» Task goal
Reproduce the entire listing exactly as written, apart from its pictures.

» Records shown
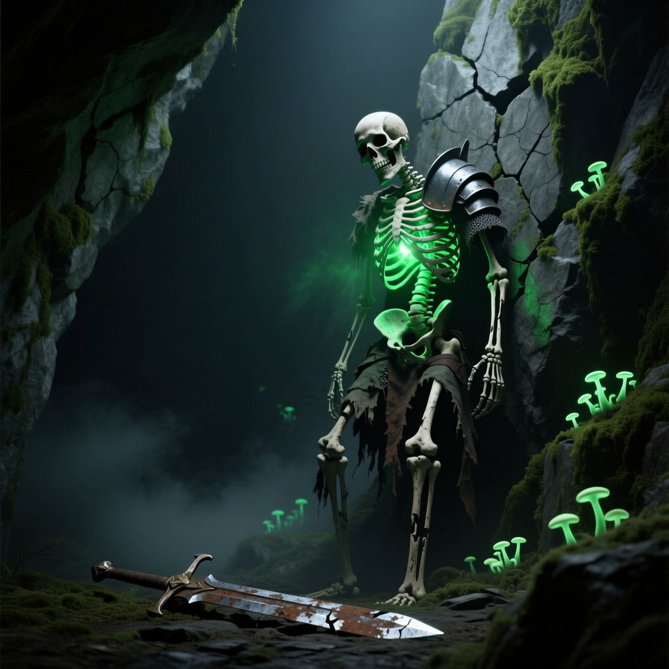 Четверо скелетов распались на косточки, и лишь один, уронив свой меч, прислонился спиной к стене, опустив голову, как уставший солдат. Его кости были в трещинах, и лишь на одной воле он стоял на ногах.
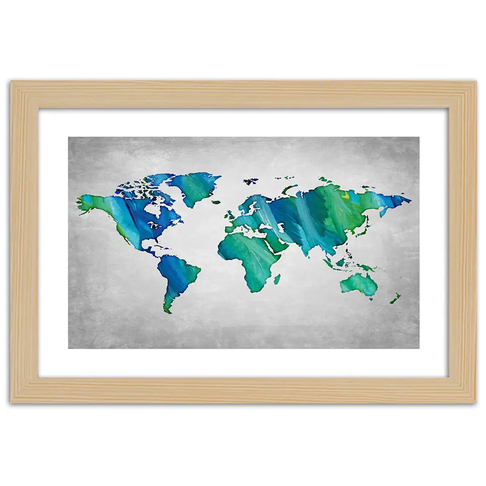 Obraz w ramie, Kolorowa mapa świata na betonie Rozmiar 45x30
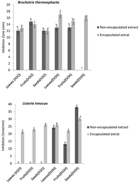Inhibition zones of non-encapsulated and encapsulated phenolic compounds from okra leaves, fruits and seeds. Data are shown as means ± standard deviation (n = 3). The different lower-case letters indicate significantly different values (p < 0.05).
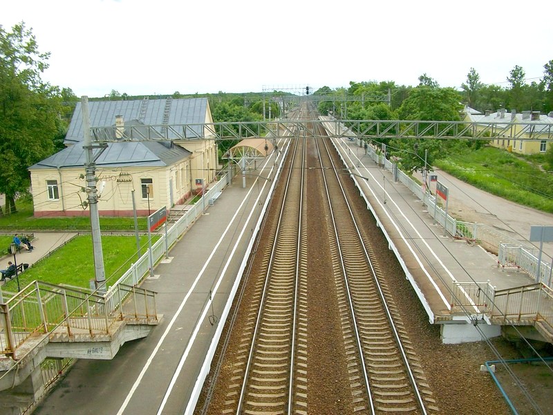 Станция Саблино. Вид в сторону Москвы. Слева — вокзал. Третий путь (линия здесь трёхпутная)
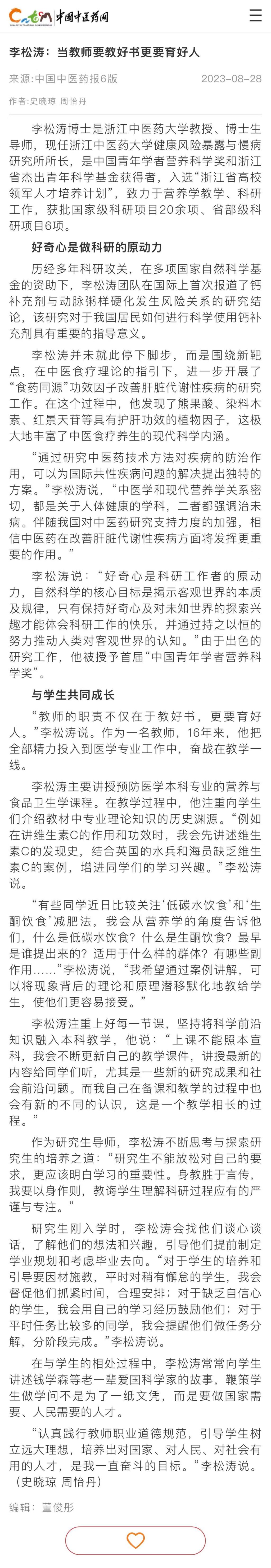 “认真践行教师职业道德规范,引导学生树立远大理想,培养出对国家、对人民、对社会有用的人才,是我一直奋斗的目标。”李松涛说。
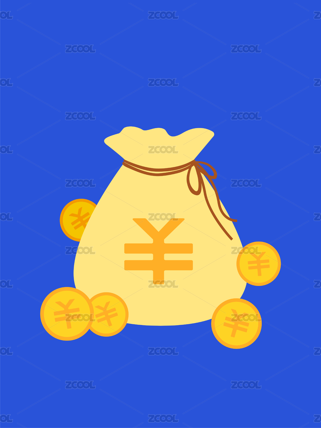 藍色背景孤立的人民幣金幣錢袋子矢量圖標(biāo)
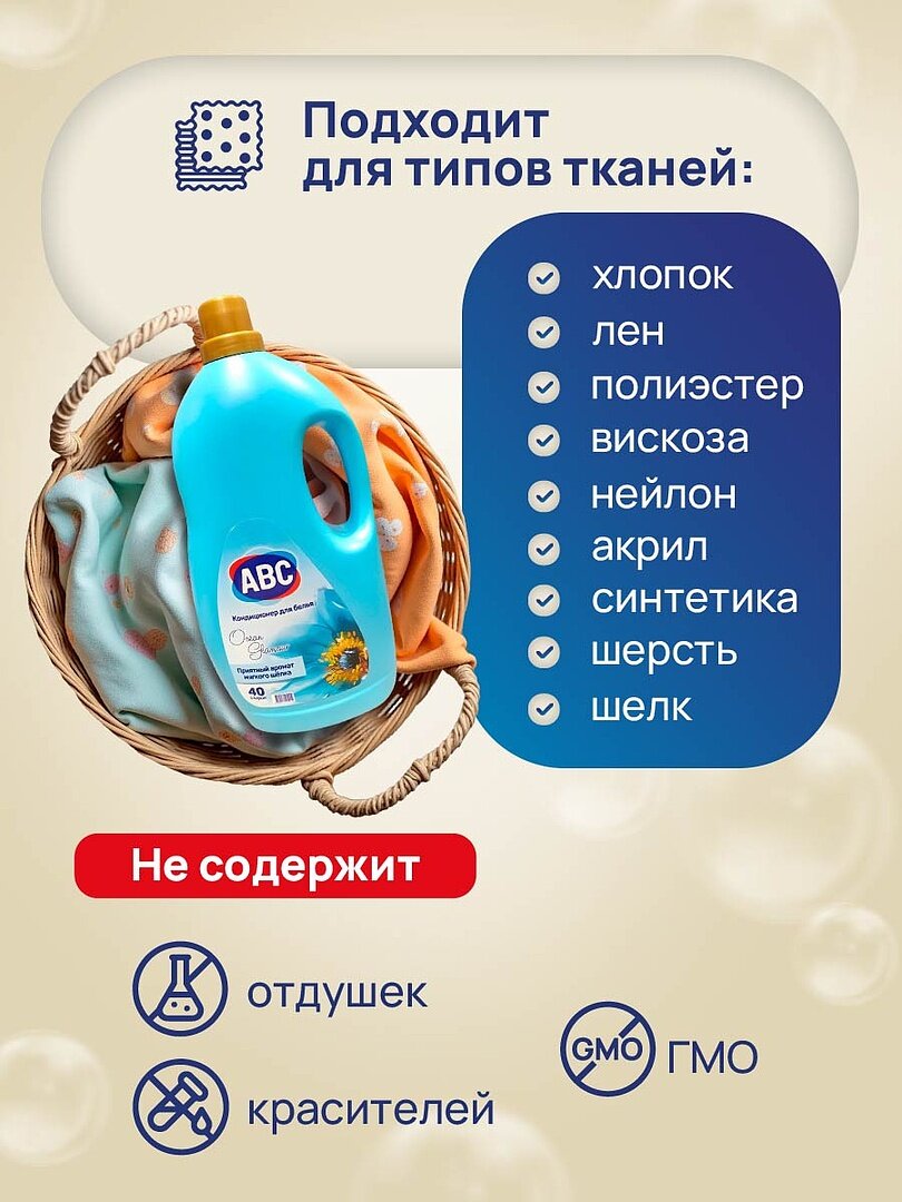 АБЦ / ABC - Кондиционер для белья с приятным ароматом шелка Ocean glamour (Океан), 10 стирок, 1 л
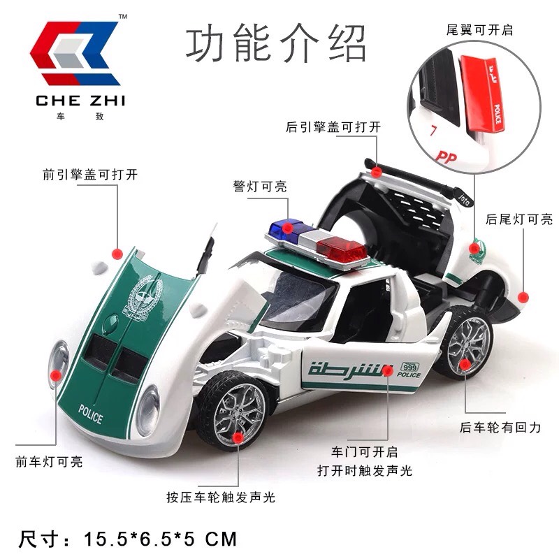 Đồ chơi mô hình xe cảnh sát làm bằng sắt - CZ103J là loại đồ chơi mô phỏng nguyên mẫu chiếc otô cảnh sát dubai sửa dụng trong công việc tuần tra hàng ngày và được thu nhỏ theo tỷ lệ 1:32 của chiếc xe cứu hỏa ngoài thực tế, xe được làm từ chất liệu an toàn, không gây hại cho sức khỏe của bé. Đây là sản phẩm của hãng CHE ZHI sản xuất và ra mắtnăm 2019 Thiết kế đẹp mắt với 2 mẫu để bé nhà bạn lựa chọn, đây là loại ô tô mô hình sắt, rất bền không độc hại, bé có thể chơi vài năm, thậm chí là theo bé đến tận khi lớn.
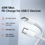 The Mcdodo 60W USB-C to USB-C Data Cable 1m is designed for fast, reliable, and efficient data transfer and charging between USB-C devices. With a 60W power delivery capacity, it supports quick charging for smartphones, tablets, laptops, and other compatible devices, ensuring your devices stay powered up efficiently.

» Solved problem
 Четверо скелетов распались на косточки, и лишь один, уронив свой меч, прислонился спиной к стене, опустив голову, как уставший солдат. Его кости были в трещинах, и лишь на одной воле он стоял на ногах.
 Obraz w ramie, Kolorowa mapa świata na betonie Rozmiar 45x30
Inhibition zones of non-encapsulated and encapsulated phenolic compounds from okra leaves, fruits and seeds. Data are shown as means ± standard deviation (n = 3). The different lower-case letters indicate significantly different values (p < 0.05).
 Станция Саблино. Вид в сторону Москвы. Слева — вокзал. Третий путь (линия здесь трёхпутная)
 “认真践行教师职业道德规范,引导学生树立远大理想,培养出对国家、对人民、对社会有用的人才,是我一直奋斗的目标。”李松涛说。
 藍色背景孤立的人民幣金幣錢袋子矢量圖標(biāo)
 АБЦ / ABC - Кондиционер для белья с приятным ароматом шелка Ocean glamour (Океан), 10 стирок, 1 л
 Đồ chơi mô hình xe cảnh sát làm bằng sắt - CZ103J là loại đồ chơi mô phỏng nguyên mẫu chiếc otô cảnh sát dubai sửa dụng trong công việc tuần tra hàng ngày và được thu nhỏ theo tỷ lệ 1:32 của chiếc xe cứu hỏa ngoài thực tế, xe được làm từ chất liệu an toàn, không gây hại cho sức khỏe của bé. Đây là sản phẩm của hãng CHE ZHI sản xuất và ra mắtnăm 2019 Thiết kế đẹp mắt với 2 mẫu để bé nhà bạn lựa chọn, đây là loại ô tô mô hình sắt, rất bền không độc hại, bé có thể chơi vài năm, thậm chí là theo bé đến tận khi lớn.
 The Mcdodo 60W USB-C to USB-C Data Cable 1m is designed for fast, reliable, and efficient data transfer and charging between USB-C devices. With a 60W power delivery capacity, it supports quick charging for smartphones, tablets, laptops, and other compatible devices, ensuring your devices stay powered up efficiently.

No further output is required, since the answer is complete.